In plain terms: the ones whose genomes shifted the most in the “right” drought-related direction were the ones that later looked healthiest.

Mysterious survival genes

The researchers can’t yet point to a neat list of “the drought genes.” But they have clues about what kinds of traits might be involved.

Anstett said the changes seem to correlate with differences in stomata – tiny pores on leaves that open and close to control water loss and carbon uptake – as well as how the plant handles carbon during photosynthesis. 

Those are exactly the kinds of traits you’d expect drought to pressure. If a plant can limit water loss without starving itself of carbon, it has a better shot.

Still, the study is careful here. The team sees signals, but the precise genes that control these traits remain unknown.

“That’s a starting point for further research. Identifying the genes involved in this evolution would help us understand what traits allow populations to survive these extended drought periods,” Anstett said. 

“There also isn’t a final verdict on whether the genetic adaptation that occurred during the drought helps in the long-term. We’re still working on that.”

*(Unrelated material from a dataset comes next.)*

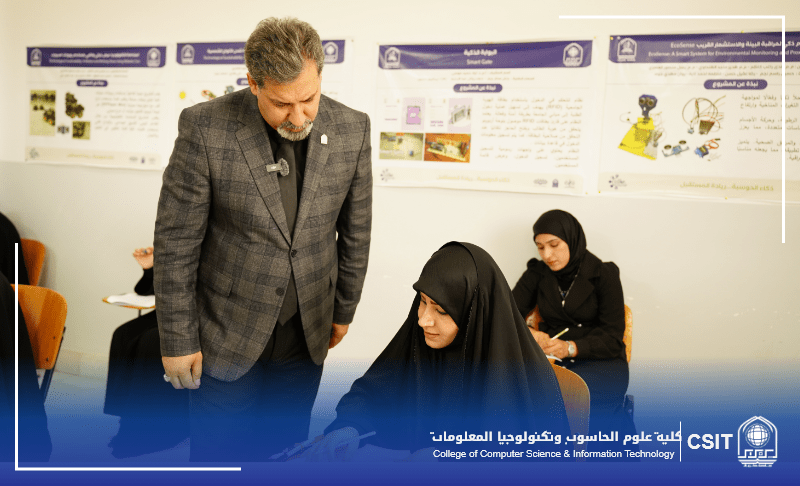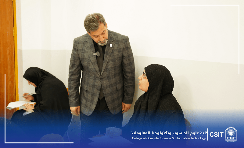 On the morning of Monday, June 30, 2025, the respected President of the University of Karbala, Professor Dr. Sabah Wajid Ali, paid a visit to the College of Computer Science and Information Technology to observe firsthand the competitive examination for applicants to graduate studies for the academic year 2024–2025.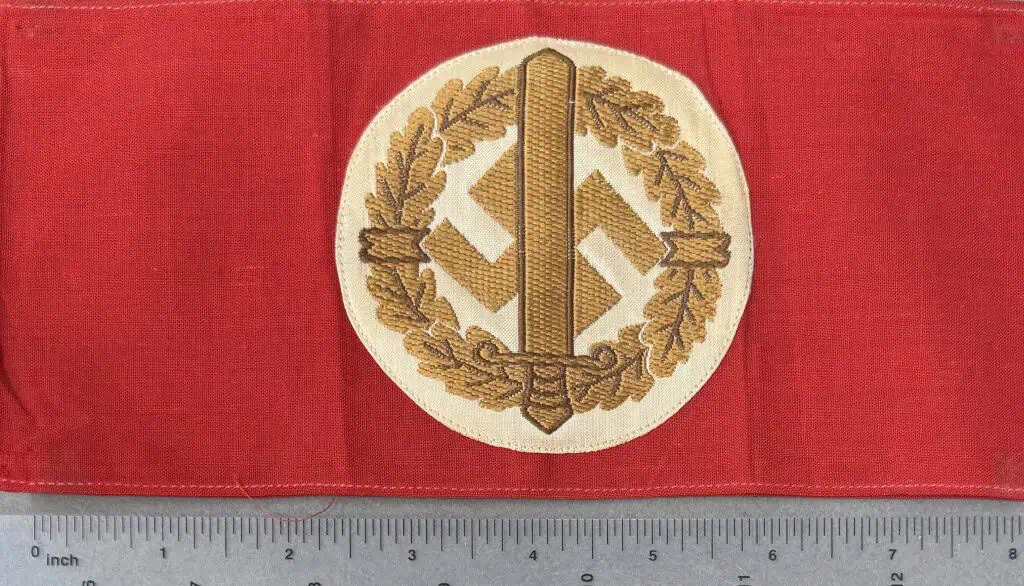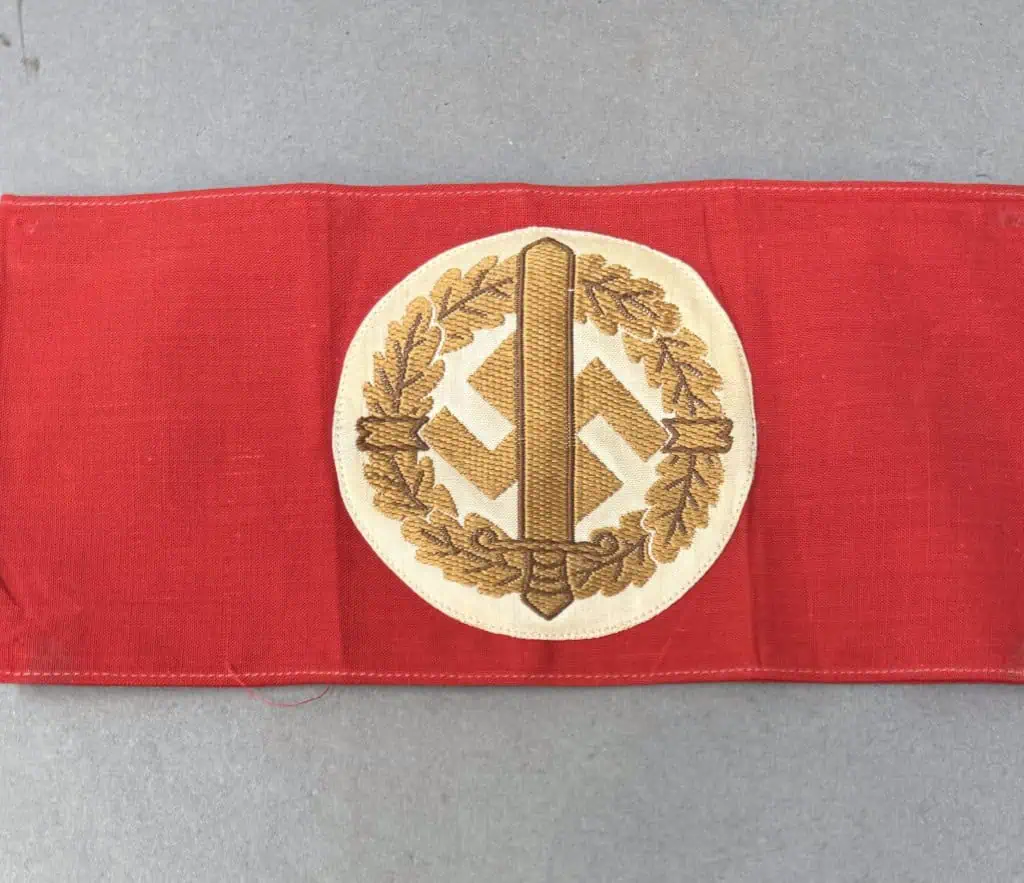 Original German NSDAP (NAZI PARTY) Brown Shirts SA MILITARY DEFENSE/TEAM SPORTS ARMBAND. (SA -Wehrmannschaften Armelbinde) With RZM Tag Certified. The “SA -Wehrmannschaft” (SA -Military-defense-training-groups) were formed in January 1939 as a response to Hitler’s decree for the SA to provide pre- and post-military defense training to all civilian males aged from 18 to 65 years old. Effectively a Home Guard comprised of those deemed unfit for regular military service due to age or partial infirmity, they wore a distinctive armband which incorporated the “SA -Wehrabzeichen” (SA Sports-badge) which, after July 1942, was restricted to wear on civilian clothing. The approximately 10cm x 45cm red cotton armband has a 9cm diameter white field sewn to it, upon which is the SA sports badge machine woven in copper-colored threads. The SA sports badge is in the form of an upright short sword against a mobile swastika surrounded by an oak leaf wreath. The armband’s vertical seam is to the reverse. Still has the paper RZM tag attached. !. Nice bring back arm band in good but used condition. Gettysburg Museum Certified (COA) provided. Rare 100% Guaranteed to be authentic. Sold for historic purposes only. See our other pieces on our web site. Also note when browsing our web site there are several pages of items, at the bottom of the list look for other page numbers. Good EXAMPLE! WITH RZM TAG!

That last point is important. A traitù that helps in a drought might come with tradeoffs when conditions change. Evolution can solve one problem and accidentally create another. The study doesn’t pretend those risks are settled.

Implications for conservation planning

The team’s “crystal ball” claim is what could make this work especially useful. If genetic variation measured before an extreme event can predict which populations will bounce back years later, that’s potentially powerful for conservation planning. 

It suggests scientists might be able to scan at-risk species, identify populations with better adaptive potential, and prioritize those for protection – or use them as sources for restoration.

“This is one species, but it’s a really good indicator for drought adaptation,” Anstett said.

“Conservation is a complicated calculus, and this gives greater information to decisionmakers that can be integrated with other types of knowledge – it’s another arrow in our quiver to try to conserve species.”

It’s not a promise that evolution will always rescue species. Plenty of populations in this study still declined or disappeared.

But the research does suggest that, for some organisms, genetic tools might help us see resilience coming before it becomes obvious on the ground.

The work continues

Anstett’s lab is now using monkeyflower seeds from 2017 to 2025 to figure out what happened after recovery and whether recent evolution changes how populations will respond to future climate events. 

That’s the next question: not only “did they survive,” but “what did survival cost,” and “does it make them stronger or more fragile for the next shock?”

For Anstett, the project has also been personally huge – a long, messy, creative stretch of research that pulled him deeper into genomics.

“It’s a highly creative process ultimately, which is not something you’d expect, but you’re always finding new ways to handle the data,” he said. 

“This study also just became such a big part of a lot of people’s lives  – my wife is second author, so we collaborated on this, and we all worked through the pandemic. A lot of lives were intertwined with this research.”

The drought was extreme. The losses were real. But the study’s core message is surprisingly hopeful.

Sometimes, evolution moves fast enough to matter on the timescale of climate change – and if we learn how to spot that potential early, we might get better at choosing what, and where, to save.

The study is published in the journal Science.